- [Data extract]
____________

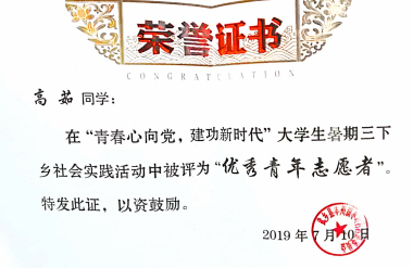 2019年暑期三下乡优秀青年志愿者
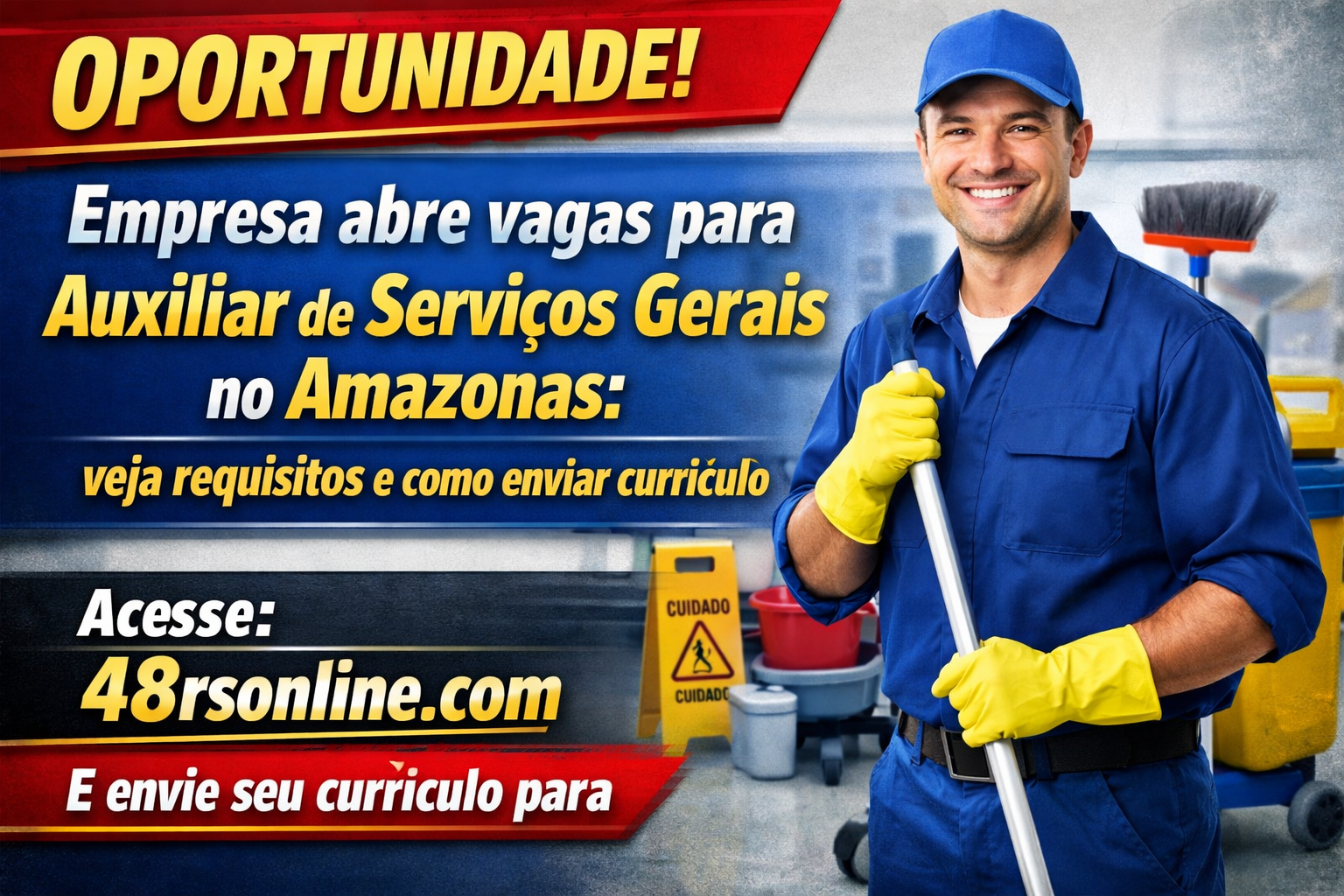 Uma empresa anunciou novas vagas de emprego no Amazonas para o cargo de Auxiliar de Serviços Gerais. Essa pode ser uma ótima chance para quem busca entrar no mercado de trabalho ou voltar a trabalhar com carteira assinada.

____________

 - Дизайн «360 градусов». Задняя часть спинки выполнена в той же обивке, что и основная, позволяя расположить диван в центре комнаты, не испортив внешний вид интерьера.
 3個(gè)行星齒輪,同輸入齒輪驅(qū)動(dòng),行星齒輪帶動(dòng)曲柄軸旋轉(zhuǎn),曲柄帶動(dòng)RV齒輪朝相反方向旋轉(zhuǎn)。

____________

- [What to work on]
All pictures are to be skipped. Output, word for word, the lines in the data above starting at the line containing "2019年暑期三下乡优秀青年志愿者" and ending at the line containing "Uma empresa anunciou".

- [Written solution]
 2019年暑期三下乡优秀青年志愿者
 Uma empresa anunciou novas vagas de emprego no Amazonas para o cargo de Auxiliar de Serviços Gerais. Essa pode ser uma ótima chance para quem busca entrar no mercado de trabalho ou voltar a trabalhar com carteira assinada.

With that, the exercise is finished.